- Winnipeg's Granite Curling Club is appealing the City of Winnipeg's decision to develop a city-owned surface parking lot into affordable housing to the Manitoba Municipal Board. The building, if built, will be a mixed income facility, with 55 market rent units and 56 at various reduced rates. The club's management fear that reducing the amount of available parking will devastate them; perhaps they think that curlers aren't proper athletes and would thus balk at having to walk a couple of hundred metres.
- The CEO of Target, Brian Cornell, is stepping down after several bad years for the company. This year has been especially bad; one factor seems to be that the company had jumped on the anti-DEI bandwagon despite previously having taken DEI policies more seriously than most chains. As a result, the chain's customers, who have tended to be politically more progressive on average than those of other retailers due to those former policies, found themselves with a lot less reason to choose them over another company.
- China's carbon emissions in the first half of this year have declined compared to the year before. US emissions, however, have increased in the same time period.

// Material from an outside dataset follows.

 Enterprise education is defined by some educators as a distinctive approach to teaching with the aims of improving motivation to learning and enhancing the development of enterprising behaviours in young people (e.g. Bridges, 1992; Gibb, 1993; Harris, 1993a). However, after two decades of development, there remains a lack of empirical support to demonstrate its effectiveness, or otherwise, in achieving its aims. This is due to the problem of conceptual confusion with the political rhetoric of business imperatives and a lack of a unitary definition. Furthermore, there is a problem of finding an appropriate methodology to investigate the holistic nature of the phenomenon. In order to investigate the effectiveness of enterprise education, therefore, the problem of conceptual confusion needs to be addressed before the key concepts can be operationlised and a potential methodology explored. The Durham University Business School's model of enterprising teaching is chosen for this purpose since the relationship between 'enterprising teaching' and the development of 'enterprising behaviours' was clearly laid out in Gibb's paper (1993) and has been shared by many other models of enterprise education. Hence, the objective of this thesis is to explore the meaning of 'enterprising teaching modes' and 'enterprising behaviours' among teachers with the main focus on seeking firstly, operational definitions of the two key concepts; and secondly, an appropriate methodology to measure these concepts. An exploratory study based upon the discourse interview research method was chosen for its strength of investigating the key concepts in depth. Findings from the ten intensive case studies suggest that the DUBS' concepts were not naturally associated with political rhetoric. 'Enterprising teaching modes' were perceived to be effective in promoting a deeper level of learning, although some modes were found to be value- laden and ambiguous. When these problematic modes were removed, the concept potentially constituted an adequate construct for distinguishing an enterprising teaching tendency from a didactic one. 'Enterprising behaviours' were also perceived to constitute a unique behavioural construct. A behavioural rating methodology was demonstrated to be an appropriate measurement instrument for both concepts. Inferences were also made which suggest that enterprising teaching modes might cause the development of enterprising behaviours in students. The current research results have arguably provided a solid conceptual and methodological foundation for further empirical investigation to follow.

- A Chinese company claims to have developed a robot with an artificial womb. The product, billed as "a pregnancy alternative for those who wish to avoid the burdens of human gestation", is supposed to come out next year at a cost of only 100,000 yuan (around $US 13,900).
- A daycare in Brantford, Ontario was closed for several days after a dead bat found on the premises tested positive for rabies. A case was also detected in a bat in Centre Wellington; one person is undergoing precautionary treatment due to the possibility of exposure to the deadly disease.
- A man in Kawartha Lakes, Ontario has been charged with aggravated assault and assault with a weapon after attacking a home invader. Given that the intruder has also been charged with possession of a weapon for dangerous purposes, I do have to wonder why the police didn't think the resident's response was "proportionate to the threat faced" as required by law, though the details definitely matter in a case like this (if, for instance, the intruder was attacked from behind while fleeing, or beaten after he was no longer a threat, charging the resident might be legitimate). Rightwing populists aren't waiting for the facts to come in before shooting their mouths off, of course.
- The family of a man who died after a suicidal jumper landed on the car in which he was riding are suing the City of Toronto for failing to install suicide barriers on the Leaside Bridge, from which the other man jumped.